Author: Editorial
Publication: The Indian Express
Date: April 23, 2007
URL: http://www.indianexpress.com/story/29071.html
Introduction: Water minister's UP poll remark
is almost typical of him and of a larger political malady
When a Union minister, in the course of an
election campaign, tells a section of voters that they would be committing
a "crime" if they vote for a contending party in the fray, it is
quite frankly a scandal. Saifuddin Soz, made such a statement last weekend
in Uttar Pradesh asking the Muslim community not to vote for the Samajwadi
Party. He needs to be told that his party is fighting an election in UP, not
a war. As a senior politician and Union minister, Soz should have been mindful
of the limits and boundaries of acceptable political rhetoric. You don't need
to consult the Election Commission's Code of Conduct to know that he was transgressing.

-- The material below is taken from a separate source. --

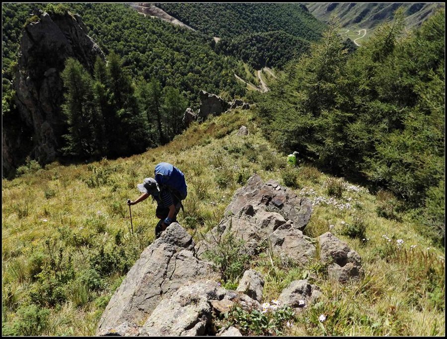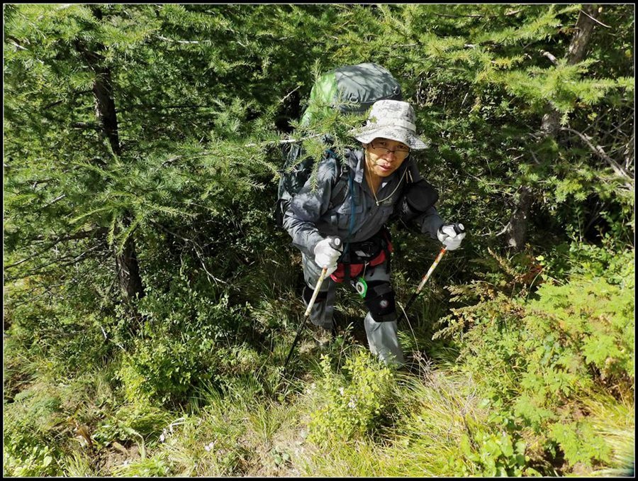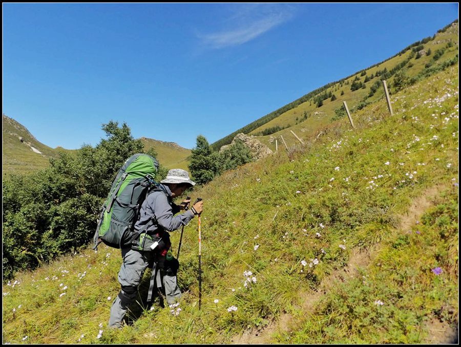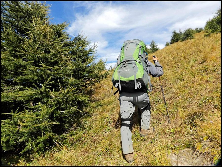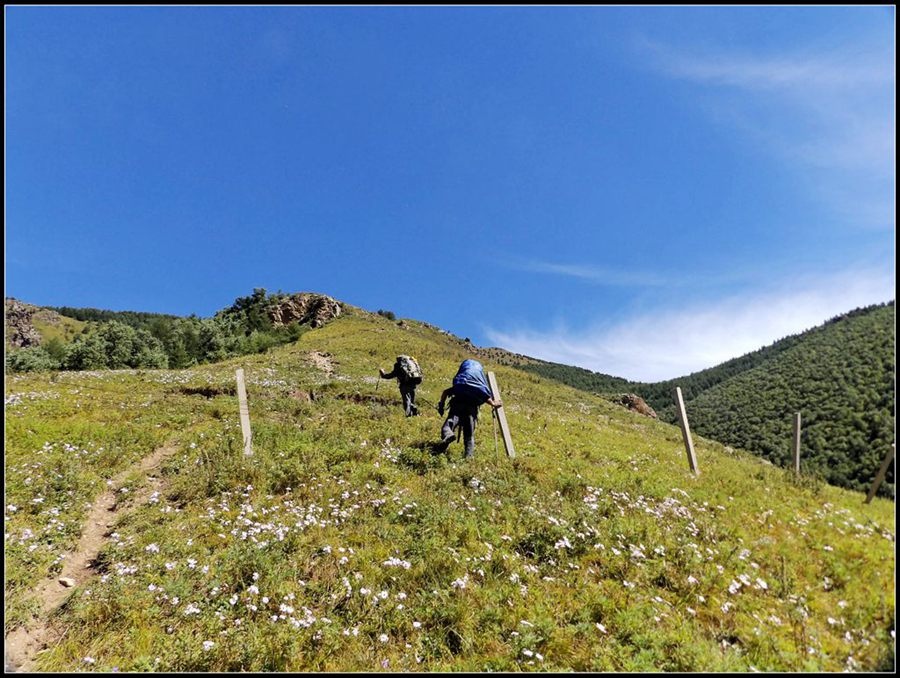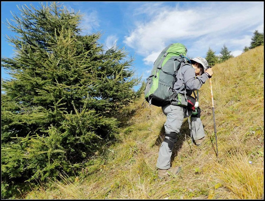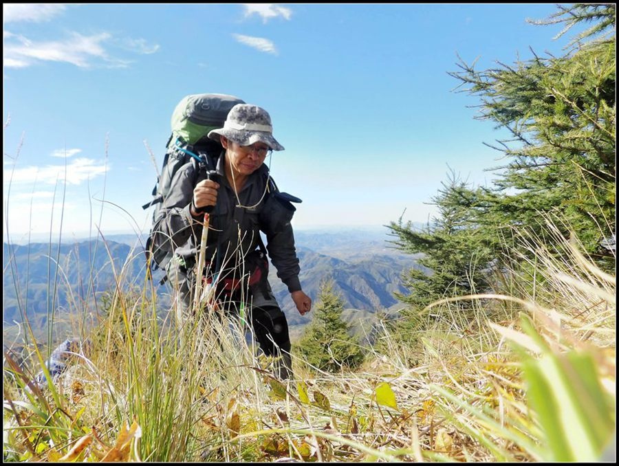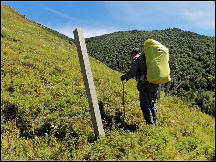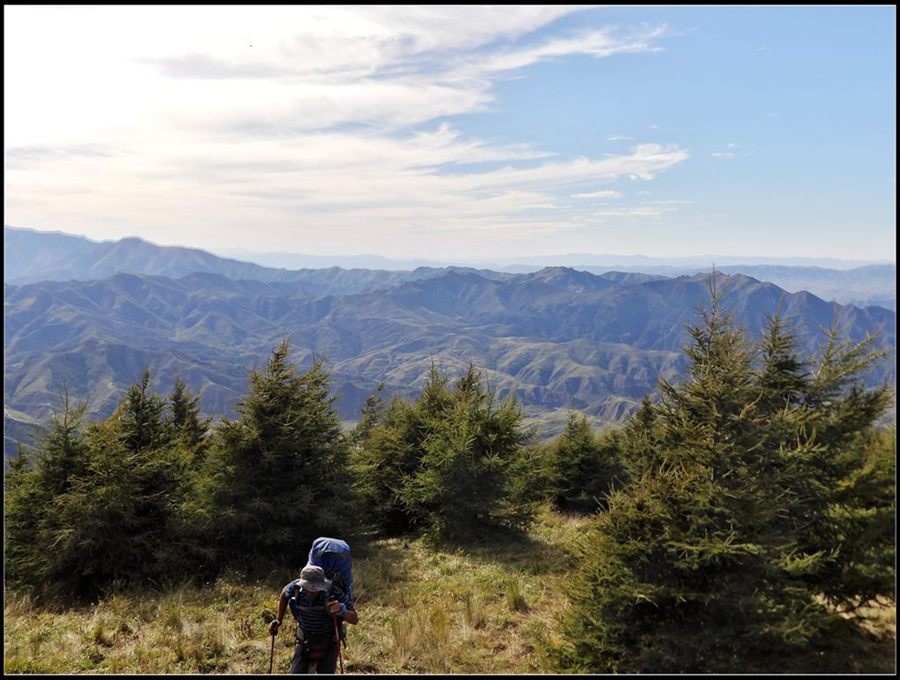 午餐之后,我们又上路了,目标——灵山之颠;路线——沿这条山脊一直向上走。应该说,这才是我们今天真正的任务,才是今天的重头戏,相比下边我们要走的路,今天上午的几个小时只是一场毛毛雨哈。 午餐点再向上是一道防护网,那网虽然形同虚设,根本拦不住人,但它却提醒我们:你进入保护区了,一定要注意防火安全,还要注意保护环境, 只有这样,你才对的起驴友的称呼,你才对的起这座山。 1 上升途中回看对面山脊上的山口和之字形的公路 民谣称:百花山,高入天,它在灵山的半中间,西灵山高过天,它在灵山头顶间。灵山之高大由此可见一斑。灵山,山体高大,山形秀美,地势复杂,树高林密,,连当地的放着人放羊一般也只上到半山,很少登顶。而北京 驴友登灵山多走大木场或孔涧,很少走我们这条路,这样一来,这条路更有一些神秘感了,现在的山坡上路很明显,但一会儿还会有路么,小路显不显,岔路多不多,我们会不会因走错路而耽误时间,能不能顺利的登顶?这些都是悬念。 果然,饶过一个陡崖后,路渐渐的变小了,逐渐小的难以分辨了。老慢远远的走在前边,他喊了一声:“没路了”,转身向上攀去,很快消失山坡上的乱石间。 走在前边的老慢 我感觉我们又走错路了,真正的路应该在山脊上,于是没走老慢走的那条“路",而是沿着断断续续的路径直接向山脊上攀去。后边几个人也都跟了过来。 沿陡坡向山脊攀升的队友 穿过最后一片荆棘,我们登上了山脊。山脊上有茂密的松林,林子中果然有一条路,只是那路要不时的猫下腰来钻,我们背着大包并不好走。不过只要有路心里就有底儿,我们沿着它向上走去。 林子外的风景 客观的说,山脊上的路并不太陡,也不太荒,更不险,与我们前两天走过的路相比好走多了,只是钻林子时要屡屡的低头,现在的关健,走到今天,走到现在我们的体力都不足了,体力才是最大的问题,尤其是不锈钢和葫芦岛,他俩一直拉在最后边,两人象一对好基友,又象相临为伴多少年的老临居,象村里的大爷大妈,一边走,一边叨叨咕咕的说个不停,天南海北,海阔天空。至于说了些啥我是不知道,因为我离他俩一直有几十米远。 我们所走的山脊是林子的边缘,走过一片林子是一片草地,走不了几步又是一片林子,路就这样在密林与草地中交错前进。时间一分一秒的消失了,然而,没有穷尽的林子一直遮档着我们的视线,灵山的顶在哪儿一直看不见。尽管如此,我们还是相信走一步就会近一步,只要你不停的走下去,迟早会登顶的。就是不知老天爷给我们留下那么多的时间没有。 老慢早就不见了踪影,从他翻上山脊前我们最后一次看见他,在这之后就再也没看到过他的影子,这可不行,一会儿见了面得说说他,一支队伍,要保持紧凑的队形,不能只是自己往前边跑,万一要是有个灰太狼或者美女蛇把你收走了,你在哪里儿丢的我们都 不知道,你LP要是朝我们要人可怎么办? 老鬼的体力不错,他一直和我不离左右,本来我俩能走的再稍微快一点,但因为要不时的等不锈钢他们,我们无法走的更快。 饶过一座石峰后视线赫然开朗,我们看见了久违的灵山,看样子至少一个小时之内我们还是登不了顶。看着一分一秒流失的时间,看着似乎永远也走不到的灵山,我真着急:如果登顶太晚,今天下不了山,明天的行程就全打乱了。因为后天大多数人都要上班,凌晨之前我们必须赶回家。今天要是下不了山,明天就没有时间再往东灵走,我们就只能在孔涧结束活动。那么一来,孔涧到东灵山一段路就甩下了,就无法和我以前走过的下观威-九山-沿河城、黄草梁-爨底的线路连起来,以后再抽时间走那一段路,又有点不值。不走,我走太行的活动中就缺了一环, 就是一个遗憾。可我着急归着急, 又一点办法也没有,我们已是强弩之末,个个心有余而力不足,想加快步伐也快不了,根本做不到。 远处,白云蓝天下的灵山 身后不时停下来休息的不锈钢和葫芦岛 回看身后,小五台清楚的出现在我们的视线中,我们就是从那个方向一步一步走过来的,想一想,那么远的距离,那么多道山脊。我们一路走过来,真的不容易。现在看,这条路线比想象的要难,强度也不亚于五台连穿。加上我们第一天走错了路,现在的强度甚至要大于五台连穿。一想到这,我又为我的队友们自豪,辛苦了,兄弟们。你们是好样的。 透过树尖远眺小五台,能分辨出来的有北、东台、三岔,还有有小五第六台之称的牛见草山 把相机放在地上,自拍的一张照片 走上连续的大草坡了,身边的松树稀稀拉拉的散落着已经不成片。根据从远处观察到的情况,我们离顶不远了,让老鬼给我拍了两张照片,我加速向上冲去。这次出行我可过足了臭美的瘾,几天中拍的照片比过去几年都多,都是测评惹的“惹的祸”。 山顶上盘旋的鹰 4点整,午餐之后大约两个半小时,我登上了灵山的次峰——西灵的山顶,这个速度比我估计的略快。按这个时间推算,如果从村里一路走上来,登顶大约需要将近5小时, 现在,让我们感受一下一览众山小的气势 前边说过,灵山共有三个尖,主峰叫石城,石城西北的另一尖被称为西灵,石城西南也有一个更低一些的尖,有人称之为南灵。登灵山,一般是登西灵和石城两个尖。我们现在登上的就是西灵,山顶的标志是两个玛尼堆,历史上西灵顶上曾有一小庙,如今庙宇全毁,只剩了残砖碎石,被人垒成了两个玛尼堆。 从正面看西灵顶上的玛尼堆 比我早了足

Of course, when it comes to political propriety,
Soz has an unhappy record to live down. There he was last year, playing to
the gallery again. Then, in the middle of a polarised debate over the raising
of the height of the Narmada dam, the Union water resources minister publicly
recommended that work on the Narmada dam be stopped - even as Prime Minister
Manmohan Singh was still seized of the issue. The principle of collective
responsibility was cast aside then. Healthy conventions of political competition
are trampled over now.
But unfortunately, Soz's remark may be part
of a larger syndrome that all too often overtakes other politicians and parties
as well. Political antagonisms take on an unhealthy pallor as politicians
pit one community against another during elections and hope to reap the rewards
of the ensuing polarisation. This is bad news for a democracy that had set
for itself the ambition of not just accommodating diversity but also nurturing
it. The founding idea of India, it has been said, was not to banish conflict
but to construct a safe house for it. Statements like the one Soz made in
UP betray an us-and-them mindset that does grave violence to the spacious
large-hearted political project that is India.